15% increase in gas price effective April 1, 2010 subdued lower distributed gas volume (-3.3%QoQ) and giving 12.7% qoq increase in revenue and 16.4% QoQ in operating profit. Post the impact of increase, no short-term catalysts until mid-2012 where PGAS expected to have 180MMSCFD (equity accounted) new supply from West Java FSRT JV with Pertamina. We upgraded our estimates on lower than estimated COGS, resulted in new target price of Rp5,260/share. Admittedly, catalysts are limited, and therefore news on progress in the FSRT project are much needed.
A thicker margin. PGAS recorded a gross margin of 65.7% in 2Q10, up from 60.8% in 1Q10, and 59.3% in 1H09. An increase in average gas price of 8.6% in Q2 to US$6.84/MMBTU helped beefed up the margin. 20% composition of IDR in PGAS tariff resulted in higher ASP in USD terms compared with US$6.3/MMBTU, PGAS indicated. Transmission and fiber optics was up 8.5% QoQ to Rp424bn.

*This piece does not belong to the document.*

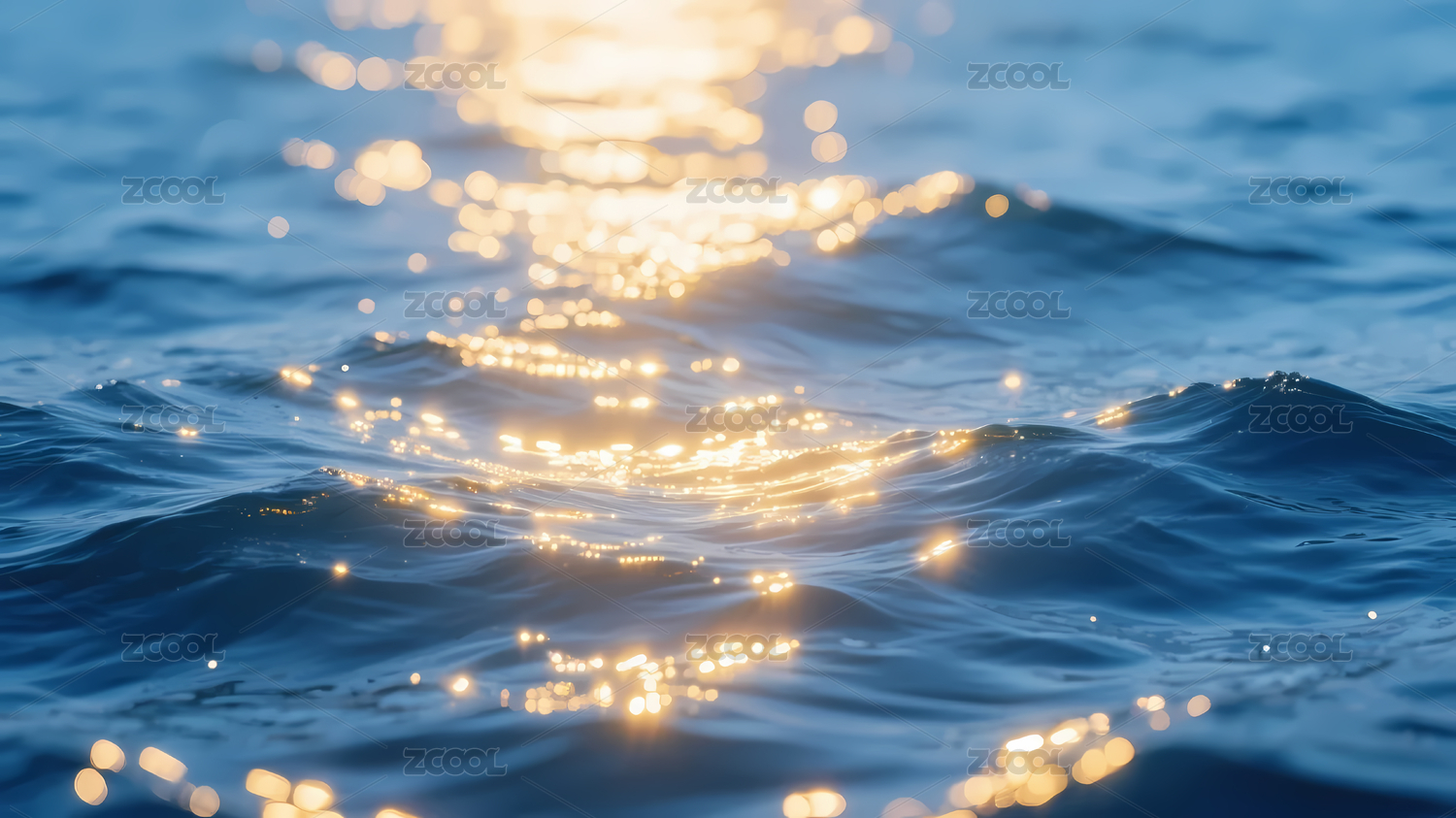 金色光斑映衬蓝色波浪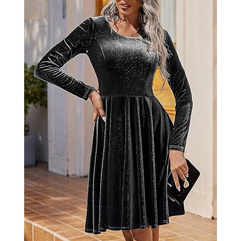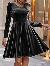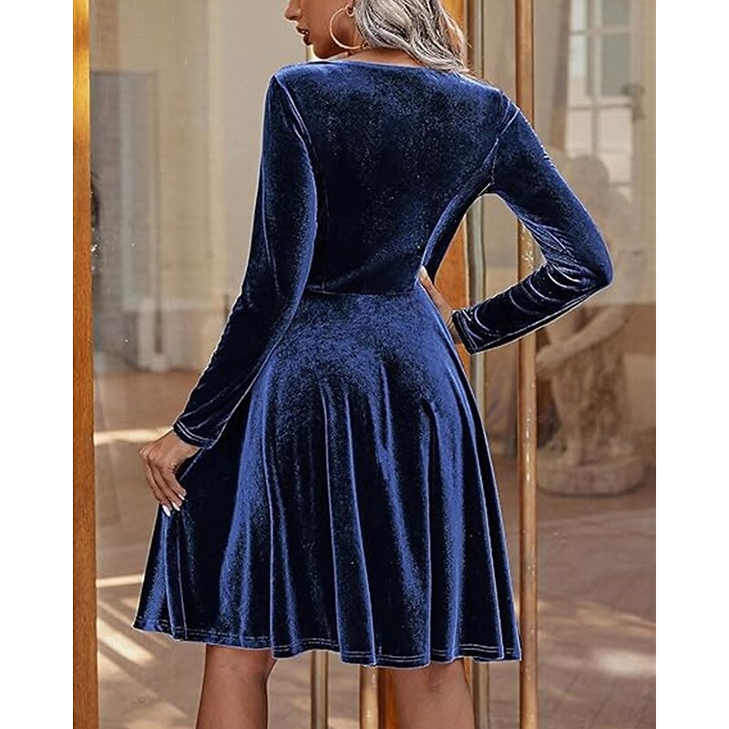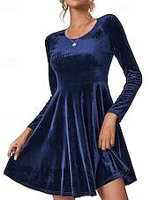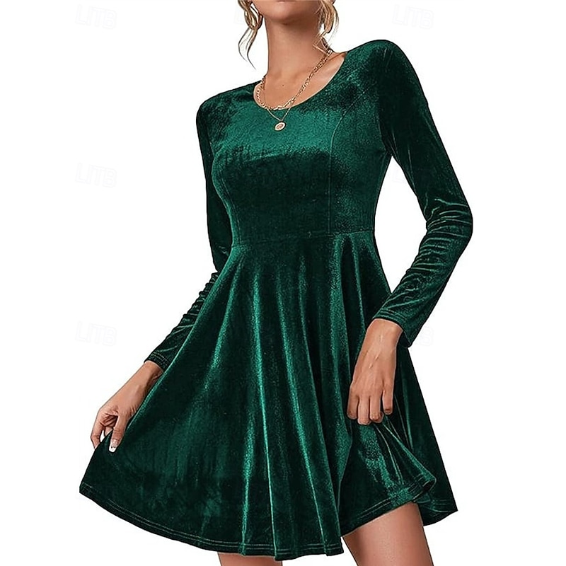 Women's Mini Dress Velvet Dress Cocktail Dress Fashion vintage present-day Outdoor Evening Party Holiday Regular Fit Plain Long Sleeve Crew Neck Black Burgundy Royal Blue Green Fall

No short-term catalysts seen. PGAS is currently implementing a thorough FSRT (Floating Storage Regasification Terminal) tendering process to avoid any tender dispute. Due to this, a discount have to be applied for the 2012 target of completion to prevent over optimistic expectation. There were also scant progress in gas fields’ acquisitions and additional supplies from gas producers. PGAS CEO, Hendy P. Santoso quoted by Bloomberg, said that he saw limited additional supply in 2011
Rising target price. We revised down our cost of gas on improved gas supply from Conoco Phillips (CoPhi). As CoPhi volume has improved, cost of gas have to be lowered since CoPhi’s gas is priced at US$1.85/MMBTU which is lower than average cost of gas of US$2.53/MMBTU. Our new target price of Rp5,260/share is 13.1% higher than our previous target price.